◆ Supplied information ◆

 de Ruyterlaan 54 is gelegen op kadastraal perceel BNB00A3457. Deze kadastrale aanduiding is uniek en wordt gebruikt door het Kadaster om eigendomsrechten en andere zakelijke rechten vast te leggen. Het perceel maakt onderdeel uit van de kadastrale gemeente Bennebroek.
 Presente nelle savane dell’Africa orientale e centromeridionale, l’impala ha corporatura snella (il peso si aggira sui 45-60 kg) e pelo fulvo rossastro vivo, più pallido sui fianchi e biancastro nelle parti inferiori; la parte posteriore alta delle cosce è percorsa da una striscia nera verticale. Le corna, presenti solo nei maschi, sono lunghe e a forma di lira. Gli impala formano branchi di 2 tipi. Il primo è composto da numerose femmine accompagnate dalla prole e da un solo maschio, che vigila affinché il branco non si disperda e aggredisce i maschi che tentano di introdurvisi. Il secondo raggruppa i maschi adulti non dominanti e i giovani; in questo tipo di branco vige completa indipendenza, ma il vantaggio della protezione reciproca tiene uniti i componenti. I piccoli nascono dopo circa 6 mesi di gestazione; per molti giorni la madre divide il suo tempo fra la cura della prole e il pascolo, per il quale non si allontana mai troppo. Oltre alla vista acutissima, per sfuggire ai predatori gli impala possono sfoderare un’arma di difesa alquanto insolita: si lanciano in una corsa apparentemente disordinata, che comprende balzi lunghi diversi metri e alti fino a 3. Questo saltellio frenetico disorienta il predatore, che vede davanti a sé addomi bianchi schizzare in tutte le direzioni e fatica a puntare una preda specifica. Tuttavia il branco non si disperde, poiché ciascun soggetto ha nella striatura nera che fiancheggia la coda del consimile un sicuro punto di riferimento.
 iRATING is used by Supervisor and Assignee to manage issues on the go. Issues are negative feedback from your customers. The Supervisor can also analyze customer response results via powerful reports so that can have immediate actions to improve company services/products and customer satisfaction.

--

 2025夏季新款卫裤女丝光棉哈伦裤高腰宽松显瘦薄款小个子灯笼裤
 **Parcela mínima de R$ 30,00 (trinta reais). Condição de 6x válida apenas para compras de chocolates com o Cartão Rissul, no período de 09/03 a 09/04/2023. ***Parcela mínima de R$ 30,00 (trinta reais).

◆ Exercise directions ◆
Precisely the lines between those holding "2025夏季新款卫裤女丝光棉哈伦裤高腰宽松显瘦薄款小个子灯笼裤" and "09/04/2023. ***Parcela mínima de R$ 30,00 (trinta reais).", inclusive, are to be reproduced from the listing above, with nothing added.

◆ Output for this task ◆
 2025夏季新款卫裤女丝光棉哈伦裤高腰宽松显瘦薄款小个子灯笼裤
 **Parcela mínima de R$ 30,00 (trinta reais). Condição de 6x válida apenas para compras de chocolates com o Cartão Rissul, no período de 09/03 a 09/04/2023. ***Parcela mínima de R$ 30,00 (trinta reais).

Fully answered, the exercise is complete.